# rhinestone machine Libero and CAMS



## merteks (Oct 30, 2009)

Hi,
I am planing to buy CAMS1V6P or Libero Endless A.Is there anybody has these machines?Which one is better?What are the prices?
Thanks


----------



## rhinestonetransf (Feb 11, 2009)

I have owned both let me know what questions you have and I will try and answer them.


----------



## muneca (Sep 30, 2008)

Greetings Tolga,

Welcome to the forum & good luck to you!


----------



## merteks (Oct 30, 2009)

Hi Scott,
I am planing to use these machines for 24 for hours.Which machine's part is better for this long usage time?I am doing 1 color to 6 colors.Which machine is faster and easier to use?What is the price differences?
Sorry for to many questions..=)
Thanks


----------



## rhinestonetransf (Feb 11, 2009)

The Libero Endless is the only one that can run without replacing the tape. We had the endless with four heads it ran 3,600 stone per hour. I hear they have it up to about 4,800 now but I would make sure you can watch it do that on a four color job. 

We switched from the libero to the Cams and have been very happy. We have the four up cams so it does 30,000 stones an hour. about 8 - 9 times more than our endless libero did and it was the same price. We have to load the tape each run but in three hours we get out more than we could in 24 hours with the libero. It is easier to load and run and the Gem Master is better at rhinestone designs then Rhinestone Worx plus it doesn't cost more. 
If you get busy you have to buy Rhinestone Worx for each station - Gemmaster allows you to install it on as many PC as you want. 

I think the Cam is faster and better than the endless.

Hope this helps.


----------



## merteks (Oct 30, 2009)

Thank you very much scott..


----------



## Don-ColDesi (Oct 18, 2006)

Tolga,

Where are you located? We are in Tampa and would be glad to let you see the 1V-6P running.


----------



## Bret (Oct 24, 2008)

Don,

Can you answer the question as to why SWF Mesa charges $364.00 for a FESTO regulator?

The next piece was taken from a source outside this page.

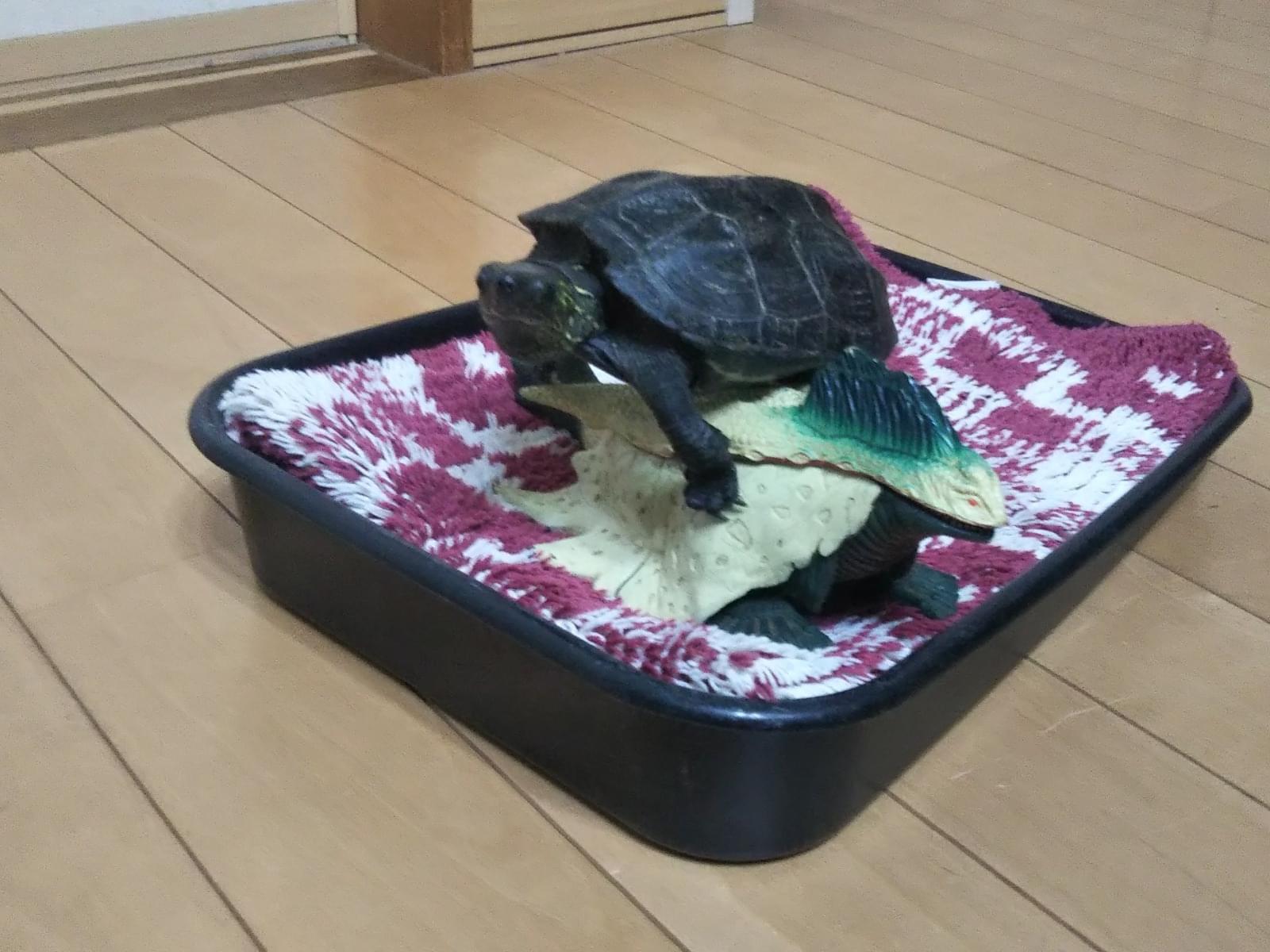 基本の部屋の水槽が自分の住む所と思っているかのように、ゆったり手足を伸ばして無防備に安心して寝てます。

We have a CAMS machine and ours went bad so I called and that was the price quoted. I found the EXACT same regulator from a local supplier for $88.00. Do you think that is a reasonable way to treat your customers?

How much gouging is going on with the tips and the extra hoppers?


----------



## sealove (Oct 1, 2010)

Could you PM me on the pricing for those machines, please?


----------